Cerchiamo di analizzare quello che sta succedendo nel mondo extra-ospedaliero e dei Pronto Soccorso. Rabbia, divisione e incompatibilità fra richieste sono i crepacci in cui si rischia di cadere. Ecco perché il reparto più importante dell’ospedale assomiglia sempre di più ad un “aspettificio”.
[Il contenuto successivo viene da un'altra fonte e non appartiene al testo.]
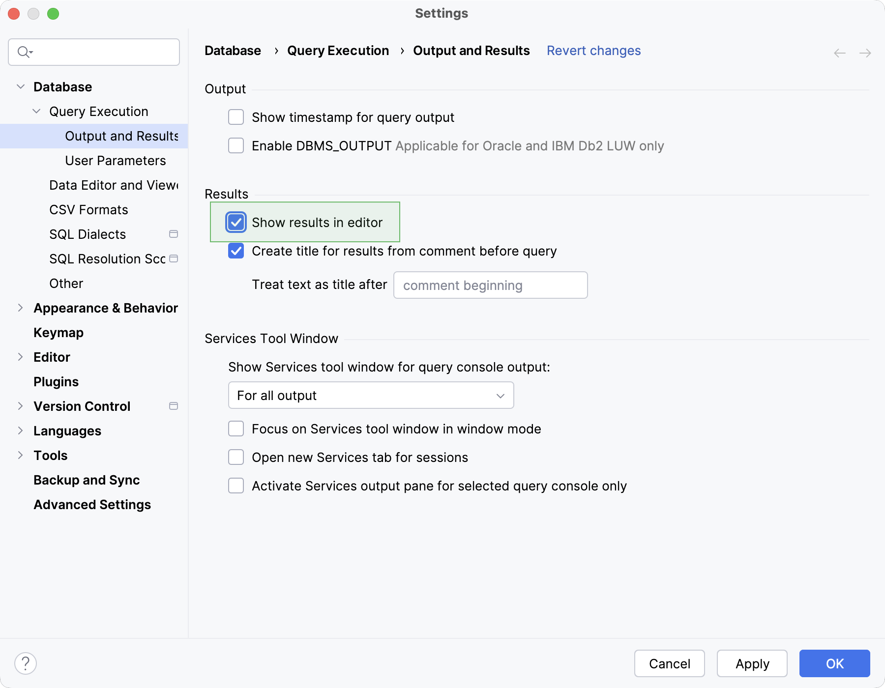 To disable this feature, open settings Ctrl+Alt+S, navigate to , and clear the Create title for results from comment before query checkbox.

Quando è stato annunciato il bonus da 90 milioni di euro per il personale che lavora in Pronto Soccorso, in redazione abbiamo iniziato a scommettere su cosa sarebbe avvenuto:

  1. Ha vinto chi ha detto: “Adesso saltano fuori quelli che vorranno il bonus anche per gli altri”;
  2. Ha vinto chi ha detto: “Adesso saltano fuori quelli che diranno che sono solo briciole”;
  3. Ha vinto chi ha detto: “Sarà difficile che la gente capisca di cosa stanno parlando”;

Avremmo preferito – tutti – che arrivasse qualcosa di forte. Vedere una risposta chiara non solo sull’aumento degli stipendi, ma anche sui tempi di riposo, sulla qualità del servizio per numero di pazienti, sulla formazione e sulle assunzioni di professionisti esteri (non è un tabù). Certo, il ministro della Salute Speranza non è di certo l’uomo amante delle telecamere e della propaganda. Nemmeno il tecnico giusto per tutto ciò. E gli assessori alla sanità di tutte le Regioni italiane conoscono bene i budget che hanno a disposizione: per loro accontentare i MEU e dare un segnale a tutto il settore potrebbe diventare un boomerang, in vista dell’apertura del tanto agognato PNRR. Insomma: attendersi qualcosa di più di un annuncio dal sapore mediatico era difficile. Ma ha fatto benissimo SIMEU a lanciare il sasso. Altrimenti sarebbe rimasto il mugugno, e non si sarebbero visti i gattopardi di questo sistema. Perché va detto: non tutti difendono i lavoratori per i lavoratori stessi. Non tutti hanno a cuore le condizioni di lavoro dei medici, degli infermieri e dei tecnici di emergenza-urgenza.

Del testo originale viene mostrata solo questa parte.